# TRY IT
With the pictures left aside, write out exactly the lines of the listing below from the line with "Задача 5Разложите 8" to the line with "Rèm chống nắng", both included, and only those.

# DATASET

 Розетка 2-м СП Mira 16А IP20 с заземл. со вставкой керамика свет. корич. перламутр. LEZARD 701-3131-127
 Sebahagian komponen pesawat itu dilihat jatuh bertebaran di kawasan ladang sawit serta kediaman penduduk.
* * *
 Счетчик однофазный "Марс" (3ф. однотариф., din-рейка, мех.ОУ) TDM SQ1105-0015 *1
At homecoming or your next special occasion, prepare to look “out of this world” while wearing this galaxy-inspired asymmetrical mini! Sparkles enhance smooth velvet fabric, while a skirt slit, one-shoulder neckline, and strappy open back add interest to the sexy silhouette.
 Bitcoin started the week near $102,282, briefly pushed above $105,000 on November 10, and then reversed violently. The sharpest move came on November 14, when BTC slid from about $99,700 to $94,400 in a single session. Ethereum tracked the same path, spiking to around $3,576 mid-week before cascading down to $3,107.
...
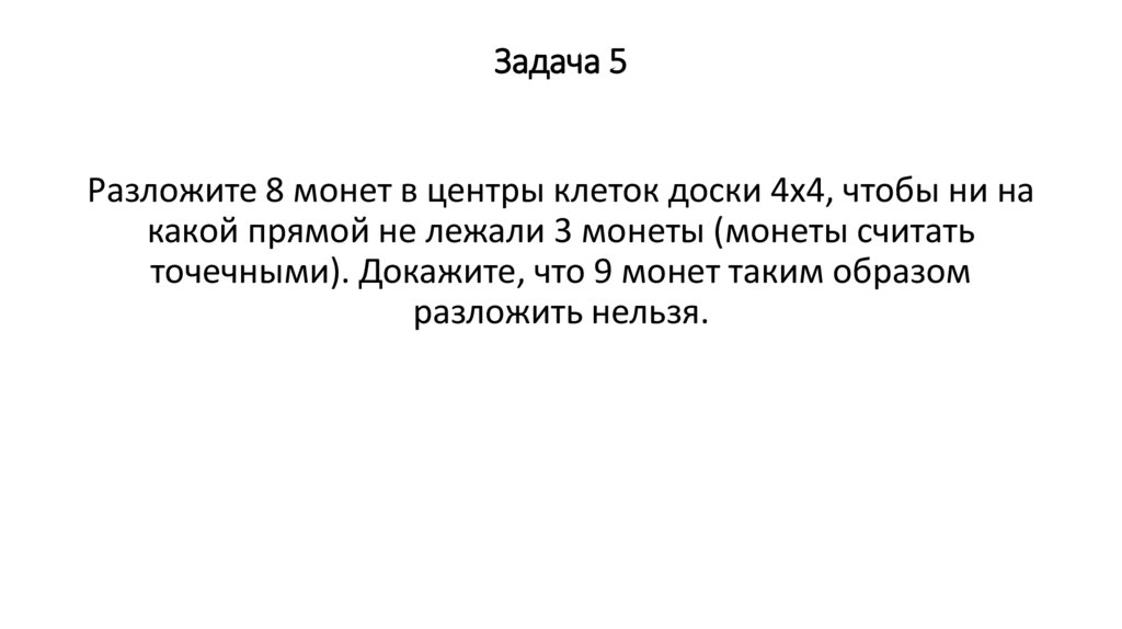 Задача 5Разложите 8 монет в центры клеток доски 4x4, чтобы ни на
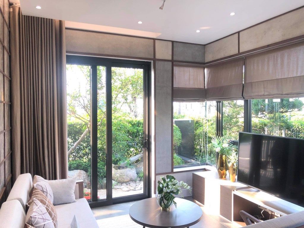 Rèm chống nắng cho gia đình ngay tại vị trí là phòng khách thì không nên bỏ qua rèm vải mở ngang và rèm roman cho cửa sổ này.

# SOLUTION BELOW
 Задача 5Разложите 8 монет в центры клеток доски 4x4, чтобы ни на
 Rèm chống nắng cho gia đình ngay tại vị trí là phòng khách thì không nên bỏ qua rèm vải mở ngang và rèm roman cho cửa sổ này.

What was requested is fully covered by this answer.